My point is that middle-class life in this country seems to be operating on a contingency basis. It can change on you at any moment. They can pull the rug out from under you. You can be thrown into the street without appeal. Your furniture is carted away; your clothes are tossed on the front lawn; your children are ground up by a crazy commercial culture. Catastrophe lurks; ruination prospers. As the guy in that movie said, Ask people for help, watch them fly .
I went into the den and gazed down at Coolberg’s phone number. The numbers in that particular combination had a terrible frightening appearance to me. My hands were shaking, and of course I didn’t want to go back there, into that world.
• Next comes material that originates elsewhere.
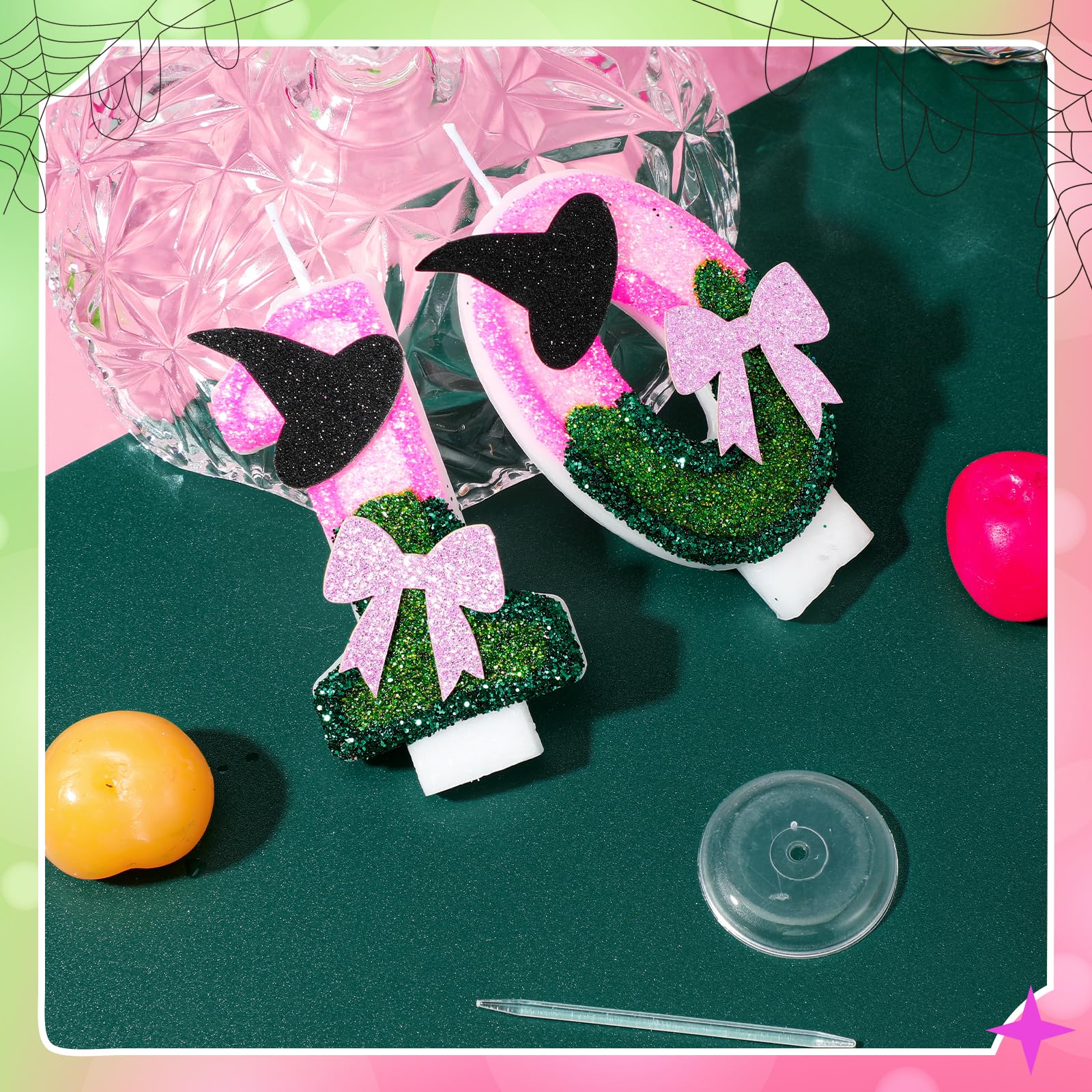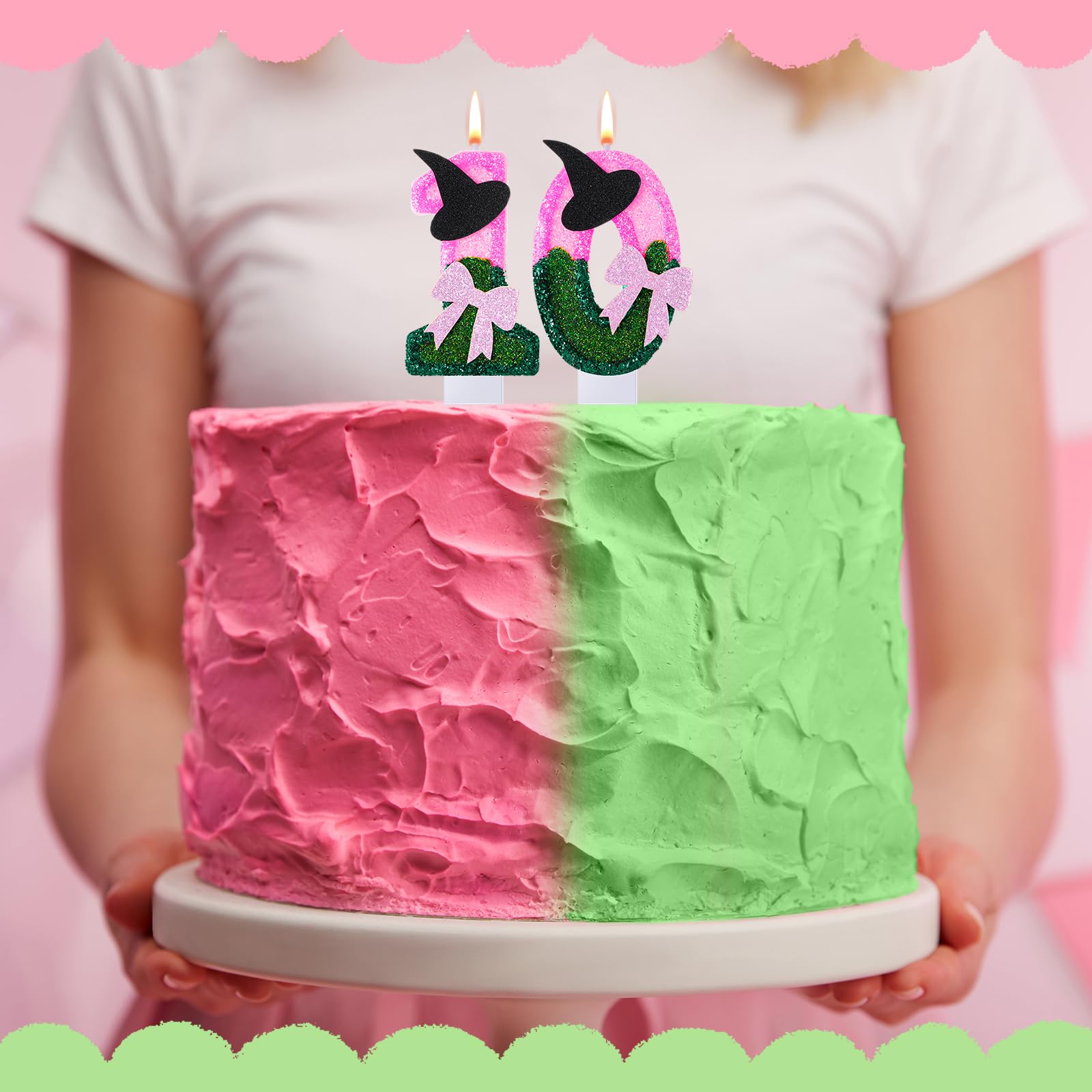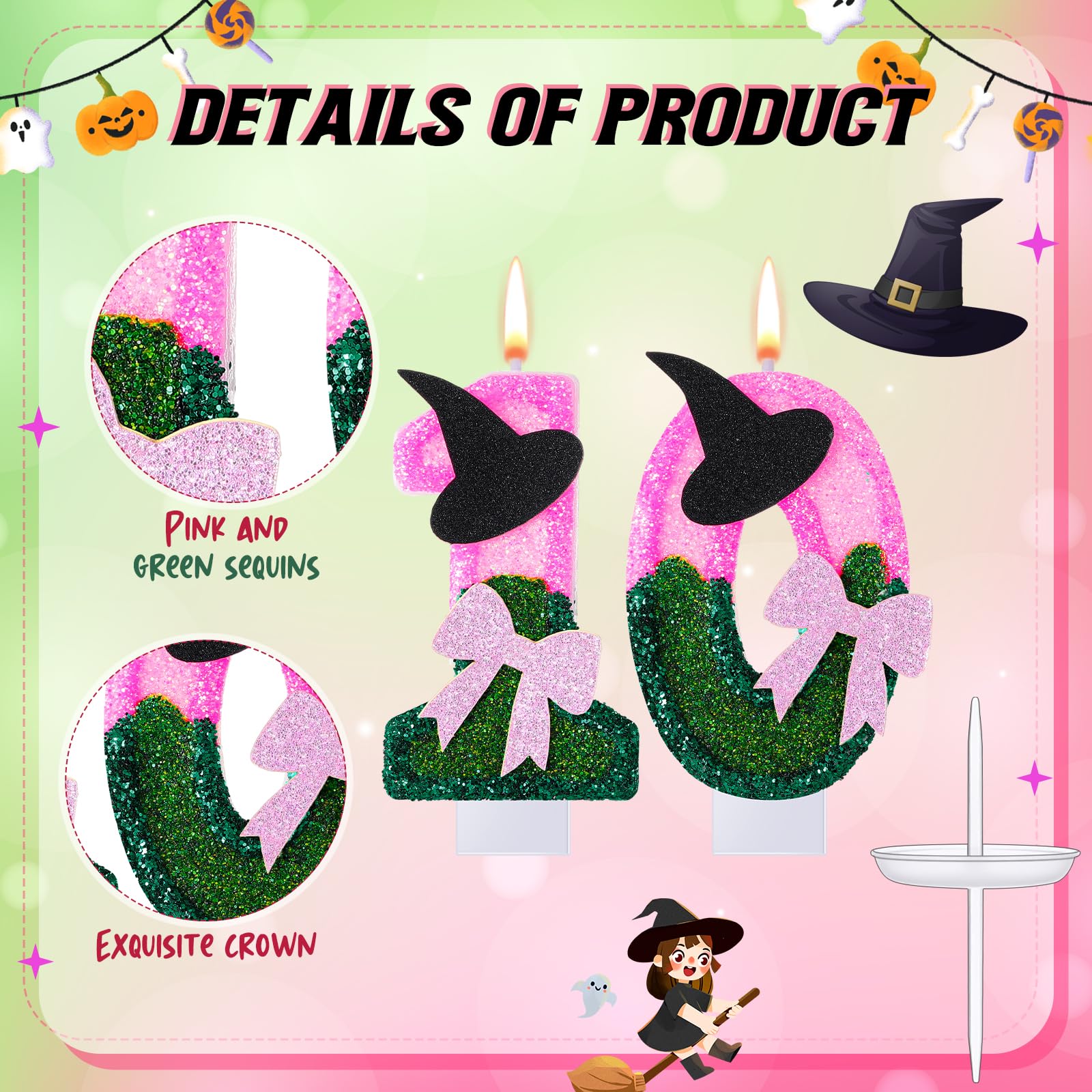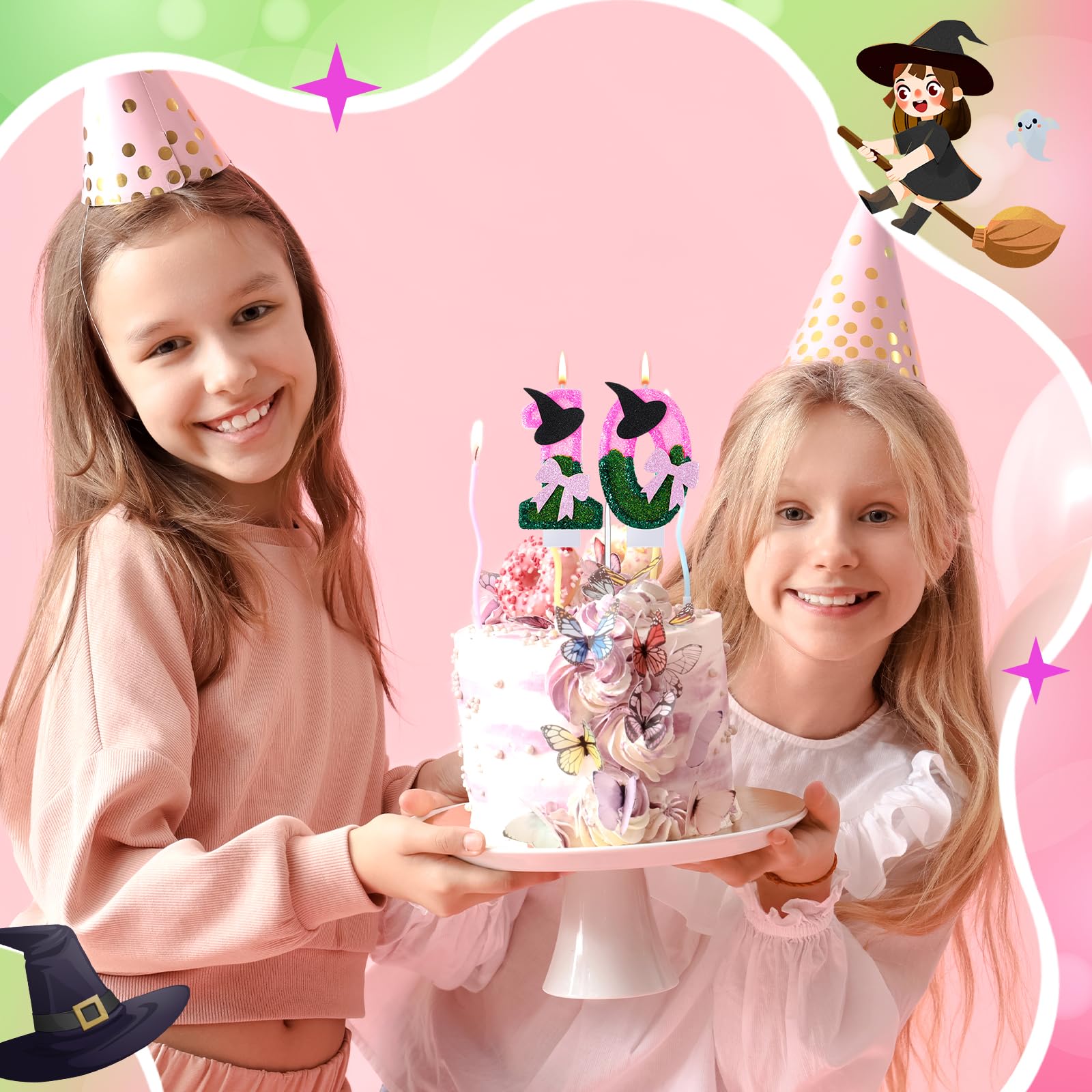 Witch Princess Theme Candle: this birthday number candle is designed in pink and green and decorated with a witch hat and bow to make your cake even more beautiful; Each candle is carefully crafted and includes a candlestick to keep your cake wax free

ULTIMATELY I WAS REMOVEDfrom Buffalo, but the stages of my breakdown have a montage-like quality to them, and by now they’re mixed up with what I have dreamed. My memories of those events were adulterated by the nightly visitations from those people and occasions after the major scenes were over. A sorcerer ruled my imaginings. The music of Mahler served as the background audio sound track. My visitors walked through walls toward me the way Marley’s Ghost seeped past the door on his errand to Ebenezer Scrooge. My dreamcallers carried their deadness around with them. Chains clanked. I can’t sort out what actually happened from what didn’t, and I can’t get the dreamstuff out of the narrative. Even though I don’t think about that time period often anymore, it accompanies me. My soul was mortgaged. I paid it off through regularity, routine, and hard work, until it was mine again. My history is what it is. Anyway, my crisis occurred decades ago, and I have a life to get on with. So I apologize now for this reconstruction, which is only an outline, a foggy sketchy thing, and for its necessary unreality. Also for its fragmentation. I don’t perceive the beauty in brokenness these days, though I once did. But I can acknowledge its truth.